Mais du coup, le moindre écart par rapport à ce principe de recherche du réel se révèle dévastateur.
Lorsqu’il apprend le maniement des caméras de sécurité, Thierry entend de la part de son formateur la phrase clef du film: "le directeur cherche à faire du chiffre d’affaire, alors comme il y a eu peu de départ à la retraite ces derniers temps, il cherche à dégager des caissières."
On pourrait arguer que ce propos n’est que l’idée idiote que se fait le collègue de Thierry, mais il est presque impossible de ne pas penser qu’il s’agit, au fond, de la conviction du réalisateur.


Or cette idée est doublement stupide:
1) tenter de minimiser le vol dans un magasin n’a jamais eu aucun rapport avec le chiffre d’affaire. Cela concerne la démarque. Les retraites, entrent elles dans le registre de la masse salariale. Le vol, dans tous les magasins du monde depuis que le commerce existe, a toujours été le fait de la clientèle et du personnel. Selon l’époque et la nature des produits préposés, le pourcentage peut varier. De ce fait, la surveillance d’une équipe de sécu a toujours concerné aussi bien une population que l’autre.
L’étrange volonté du directeur semble donc ici totalement hors de propos. Ou en tout cas inutile dans le récit, sauf à renforcer artificiellement le message de l’auteur.
2) le dégout final de Thierry ne peut venir que du destin tragique de la première hôtesse confondue.
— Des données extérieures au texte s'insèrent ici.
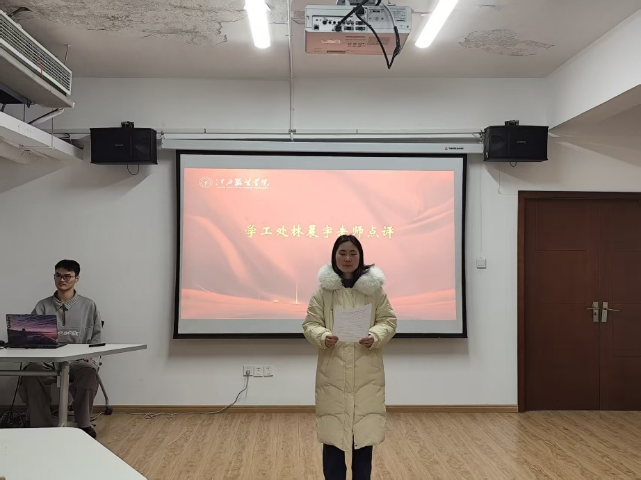学工处林晨宇老师她肯定了各位班长在班级建设中付出的努力,希望大家将本次沙龙交流收获转化为实际行动,结合本班实际创新工作方法,以优良班风带动学风,以扎实工作推动班级成长。
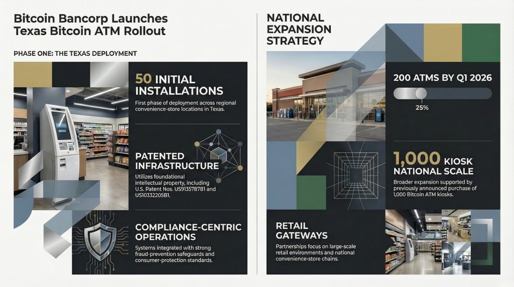 The Company has begun installing the first 50 licensed Bitcoin ATMs, representing the first phase of its previously announced strategy to deploy up to 200 additional crypto ATM machines during the first quarter of 2026. These installations mark the operational start of a broader rollout designed to expand Bitcoin Bancorp’s licensed Bitcoin ATM network across multiple U.S. retail markets.

En dehors de cet épisode dramatique un brin extraordinaire (mais qui arrive, on est d’accord), quel regard porter sur la nature du travail de Thierry? Si ce n’est la à penser que la crise agit comme un rouleau compresseur sur les gens et leurs aspirations, comment se dire qu’empêcher un employé de voler son entreprise est immoral ou déloyal ? La nature dérisoire des effets dérobés (des coupons de réductions, des points fidélité) est-elle suffisante à orienter l’ensemble du message du film du réalisateur ?
Avec un tel angle, on peut estimer que presque tous les métiers mal payés et forcément contraignants pourraient être la cible du travail de quelqu’un comme Stéphane Brizé, qui lui a la chance de vivre des fruits de son écriture et de son talent.


Ce ne serait alors rien d’autre que le portrait vicié d’une époque dégradée, mais qui emprunte un chemin bien malhonnête pour parvenir à ses fins.